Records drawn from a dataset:
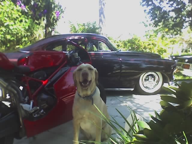 car/motorcycle nut and a big goofy yellow lab named "rudder" havin some fun together... meeting lots of nice people along the way~
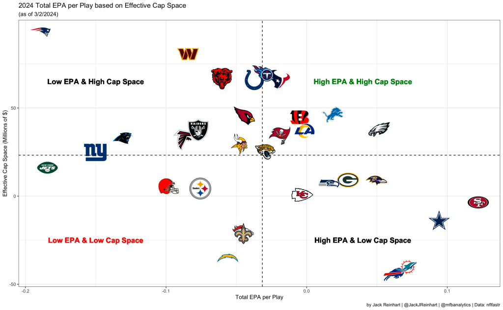 The Rams find themselves in great company, being in the upper right quadrant with teams like the Lions, Bengals, and Texans. The transition from their Super Bowl victory to now setting themselves up for a great offseason (including still holding their first-round pick) displays that sometimes a team’s most important assets are the head coach and general manager.
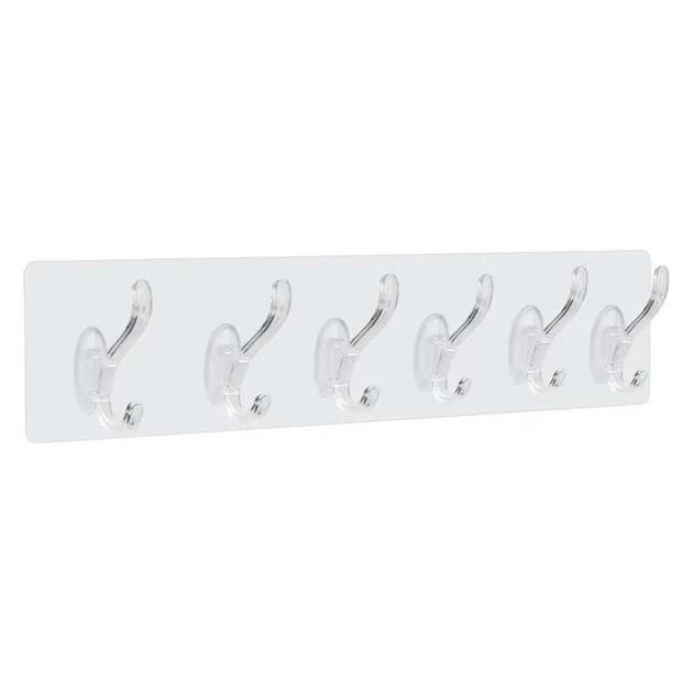 Описание Вешалка самоклеящаяся настенная на 6 крючков Hom крючки для ванной комнаты и кухни прозрачный (GT050857)
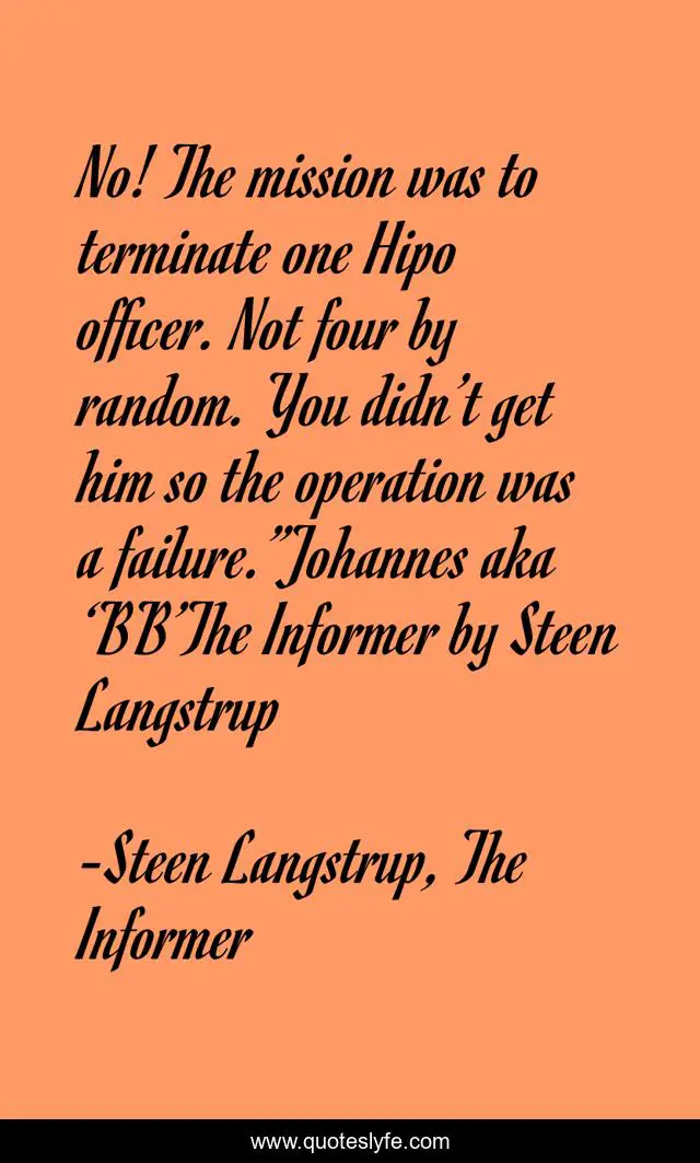 This page presents the quote "No! The mission was to terminate one Hipo officer. Not four by random. You didn’t get him so the operation was a failure.”Johannes aka ‘BB’The Informer by Steen Langstrup". Author of this quote is Steen Langstrup, The Informer. This quote is about scandinavian-mysteries, hipo, mission, noir-fiction,.
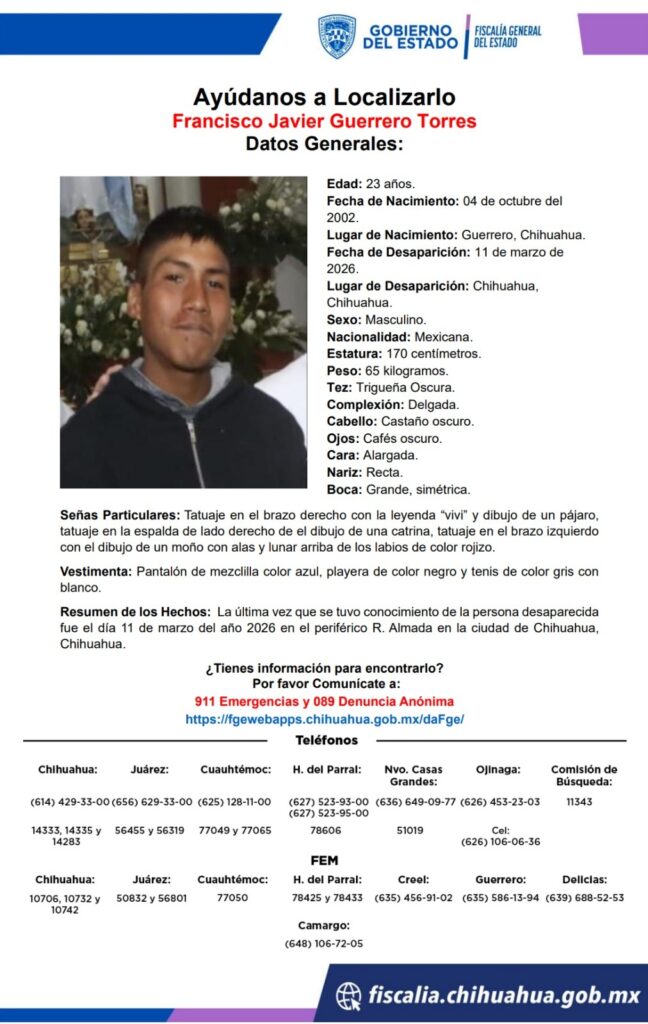 Francisco Javier Guerrero Torres, de 23 años, desapareció el 11 de marzo de 2026 en Chihuahua. Se busca información que ayude a encontrarlo.

EXERCISE PROMPT:
Leave out the pictures, and please output only the lines from the line that contains "This page presents" through the end of the data, both ends included.

OUTPUT:
 This page presents the quote "No! The mission was to terminate one Hipo officer. Not four by random. You didn’t get him so the operation was a failure.”Johannes aka ‘BB’The Informer by Steen Langstrup". Author of this quote is Steen Langstrup, The Informer. This quote is about scandinavian-mysteries, hipo, mission, noir-fiction,.
 Francisco Javier Guerrero Torres, de 23 años, desapareció el 11 de marzo de 2026 en Chihuahua. Se busca información que ayude a encontrarlo.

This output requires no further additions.